With that horrible wedding dusted off and the equally bitter beer drying up, yours truly led my Asphuzeni congregants to what turned out to be the best funeral ever in Mashishing.

The deceased – a young, lying prosecutor nephew of my former friend Sister Bettinah – was finally ushered to death’s door with a bullet to his behind by one of the hundreds of criminals he declined to prosecute, because karma got jokes like that.

With the tearless formalities done and his bullet-riddled body reconciled with dust, Sister Bettinah – who had earlier tried to shed a tear but failed dismally – hosted the aftertears at her dilapidated former tavern.

As her now enemy-in-chief because of her lack of general drinking etiquette, I ensured the session buried her profitless tills even more.

With all throats wetted and wisdom sunk to the beer-filled bellies, Son of Mokone said apparently the oldest ruler on the continent, most educated president and Number One’s role model, Robert Gabriel Moogabe showed his entire country his famous middle finger, again.

The honourable Uncle Gab had apparently promised the army of Molefes, generals and colonels in that country that he would be announcing his resignation only to pull a finger on their bloodless Koo.

Methinks the old man has finally gone cuckoo and the Koo won’t cut it.
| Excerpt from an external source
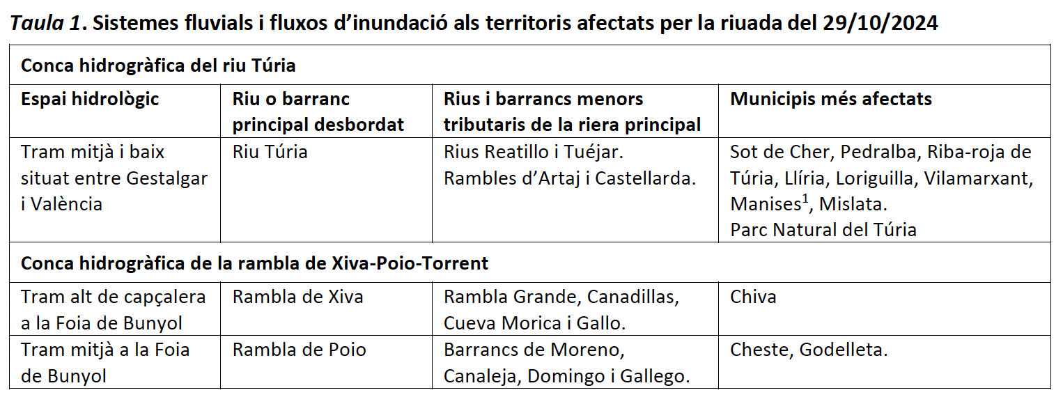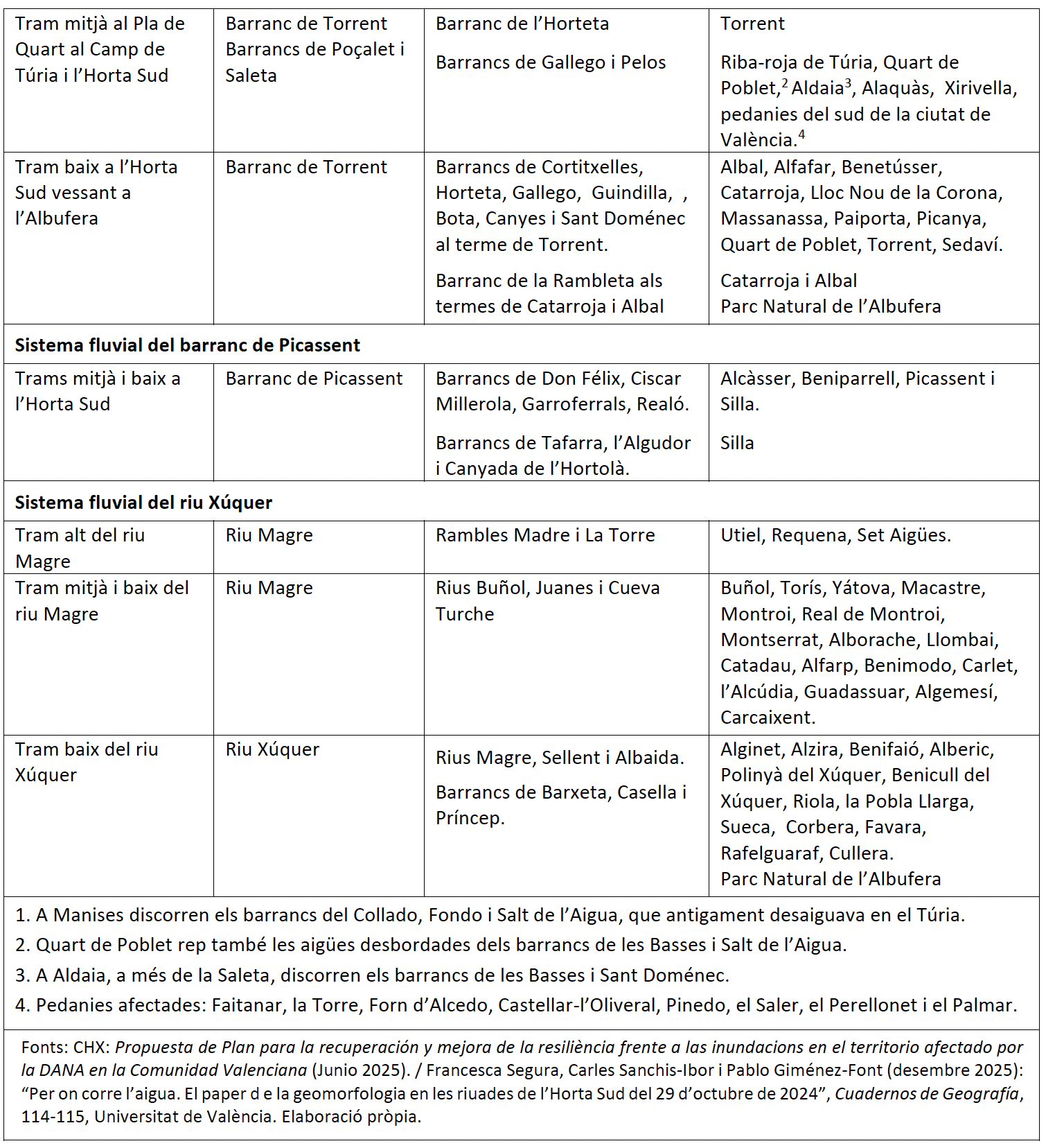 Al llarg de 2025 s’han publicat diverses investigacions per a comprendre la dinàmica fluvial dels rius i barrancs desbordats durant la vesprada-nit del 29 d’octubre de 2024 (d’ara endavant 29-O). Estudis que han desmentit l’allau de faules i desinformacions sobre aquesta qüestió que van circular després de la DANA i que han servit per aclarir científicament què va passar aquell tràgic dia. En la Taula 1 mostrem la dimensió de la inundació citant les rieres desbordades, tant principals com afluents, i els municipis més afectats. Aquesta informació ha estat confeccionada sobre la base de dos rigorosos documents. El primer és la “Propuesta de Plan para la recuperación y mejora de la resiliència frente a las inundacions en el territorio afectado por la DANA en la Comunidad Valenciana”, presentat a consulta pública per la Confederació Hidrogràfica del Xúquer (CHX) en juny 2025: https://www.miteco.gob.es/es/agua/participacion-publica/consulta-publica-plan-resiliencia-dana-valencia.html. El segon és l’article publicat en desembre de 2025 en Cuadernos de Geografía, 114-15, titulat “Per on corre l’aigua. El paper de la geomorfologia en les riuades de l’Horta Sud del 29 d’octubre de 2024”: https://turia.uv.es/index.php/CGUV/index. Un estudi elaborat per Francesca Segura, Carles Sanchis i Pablo Giménez, investigadors de les universitats de València, Alacant i Politècnica de València. Es recomanable consultar aquests informes per a una millor comprensió dels processos d’inundació provocats pels rius Magre, Xúquer i Túria, la rambla de Xiva-Poio-Torrent, el barranc de Picassent i els barrancs afluents o tributaris d’aquestes conques principals. I també per a estar millor informats com a ciutadans i més preparats davant futures inundacions.

All Zimbabwe needs is some state capture from Saxonwold.

Son of Mokone, who has grown a habit of appearing to disappear when the bottoms of the bottles appear, also said he read in one of the woke Sunday papers that apparently the clever boys sent the students of Naturena English Academy packing when the two met for game of diski over the weekend.

With Bafana coach Baxter leading his talented bunch into the worst of the worst of the worst period of soccer at Safa House, one wonders if a Koo by Asphuzeni at that former soccer organisation wouldn’t help.

Emptied beer bottles signalled that all roads needed to lead to the wedding of the beauty of Mashishing.

Viola is the only sun-kissed vixen who has ever made it to the agenda of Asphuzeni meeting as a standalone item.

Her unavoidable ravishing looks were clearly causing a lot of wives sleepless nights when she was hanging out at Konkodi’s drinking hole.

Now Viola, daughter of Mabhekaphansi, is a matriarch typical happy-day creation of the holy creator and a prime depiction of beauty and she opted to overlook the likes of yours truly and marry some hungry-looking fellow from north of the Limpopo called Tatenda.

Needless to say, I had to be a witness to believe it.

Arriving at the compound of Mabhekaphansi, there was just too much jubilation by his new inlaws for it to just be about their son marrying such a looker, so upon my probing, yours truly found out that the Zimbabweans were celebrating because Uncle Bob had fell from grace and the South Africans were hoping Bob’s WhatsApp groupmate, Number One would follow too.

Naturally, the depressing sight called for more of SAB’s finest brown bottled brew to be emptied through my reliable throat and that’s exactly what the gods let transpire.

Majakathata the Rogue is a comrade, director of Nahab (National Association of Husbands and Boyfriends) and chairperson of Asphuzeni Stokvel in Skomplaas, Mashishini. He pens in his personal capacity as a veteran patron of SAB.